I have setup my Kafka connector by following Neo4j Documentation and testing the connector by publishing messages using Kafka and expecting the message to be transformed to a Neo4j node. Here is my Sink configuration,
{
"name": "SomeName",
"config": {
"topics": "SomeTopicName",
"connector.class": "streams.kafka.connect.sink.Neo4jSinkConnector",
"key.converter": "org.apache.kafka.connect.json.JsonConverter",
"key.converter.schemas.enable": false,
"value.converter": "org.apache.kafka.connect.json.JsonConverter",
"value.converter.schemas.enable": false,
"errors.retry.timeout": "-1",
"errors.retry.delay.max.ms": "1000",
"errors.tolerance": "all",
"errors.log.enable": true,
"errors.log.include.messages": true,
"neo4j.database": "someDb",
"neo4j.server.uri": "neo4j://X.X.X.X:XXXX",
"neo4j.authentication.basic.username": "neo4j",
"neo4j.authentication.basic.password": "password",
"neo4j.batch.parallelize": false,
"neo4j.connection.max.pool.size": 500,
"neo4j.topic.cypher.SomeTopicName": "query"
}
The basic injection works fine, like broadcasting 10k messages is showing 10k nodes in Neo4j. But, when I broadcast 500k messages, I see only 350k nodes in Neo4j. I don't see any error in connector logs or Neo4j logs. If I run the broadcast with the same set of 500k nodes again, missing nodes are added. Like I need to repeat this run until I see the complete 500k nodes in Neo4j.
Expected Behavior
I want to see all nodes in Neo4j or an error for missing nodes
Actual Behavior
Streamed Kafka messages are missing in Neo4j Database
How to Reproduce the Problem
I used basic cypher query,
MERGE(person:Person {uri: 'http://company#Person/' + event.personid})

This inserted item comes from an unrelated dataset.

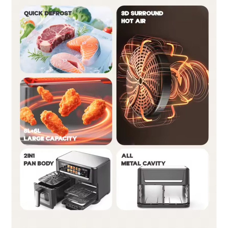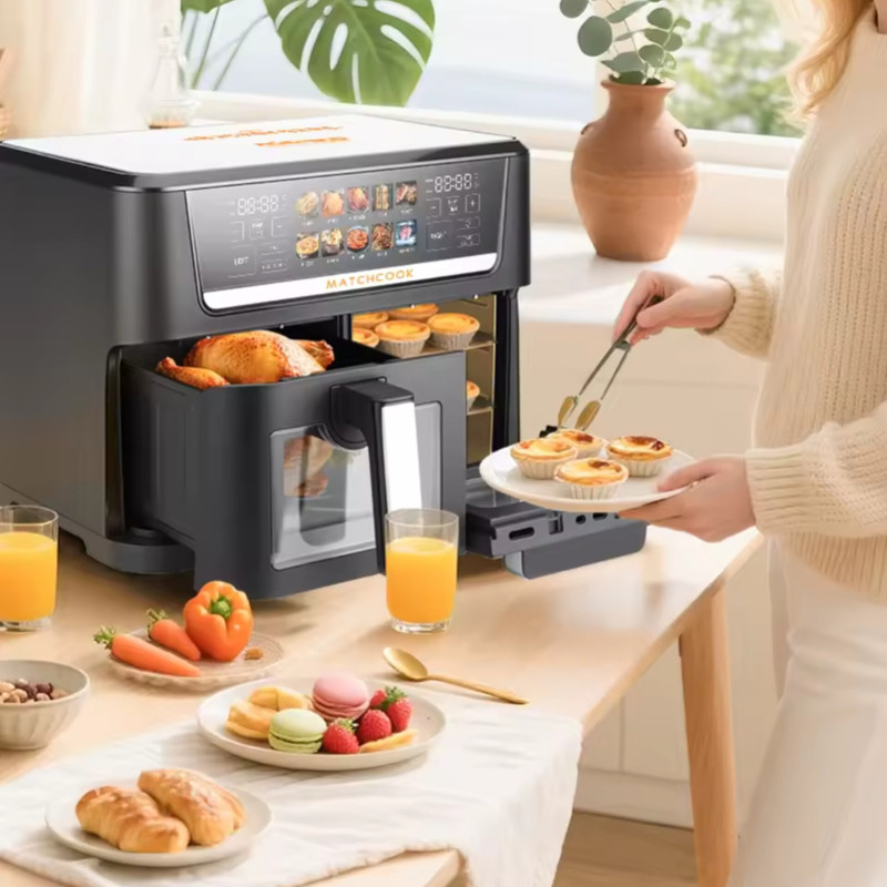 قابلیتهای کاربردی SYNC و MATCHCOOK این امکان را فراهم میکنند که دو مخزن بهصورت همزمان پخت را به پایان برسانند یا تنظیمات یک مخزن بهطور خودکار روی مخزن دیگر اعمال شود. طراحی گرمایش متناوب (Alternate Heating) و استفاده از فناوری گردش هوای سریع، موجب پخت یکنواخت در هر دو بخش دستگاه میشود.

ON MATCH SET person.hasdescription=event.hasdescription, person.hascount=event.hascount
ON CREATE SET person.hasdescription=person.hasdescription, person.hascount=event.hascount return count(*) as count
Steps
- Create a Connector
- Broadcast Message to Topic
- Check In Neo4j
Versions
- OS: Centos
- neo4j:5-enterprise
- confluentinc/cp-enterprise-control-center:7.3.0
- cnfldemos/cp-server-connect-datagen:0.6.0-7.3.0
- confluentinc/cp-schema-registry:7.3.0
- confluentinc/cp-server:7.3.0
- confluentinc/cp-zookeeper:7.3.0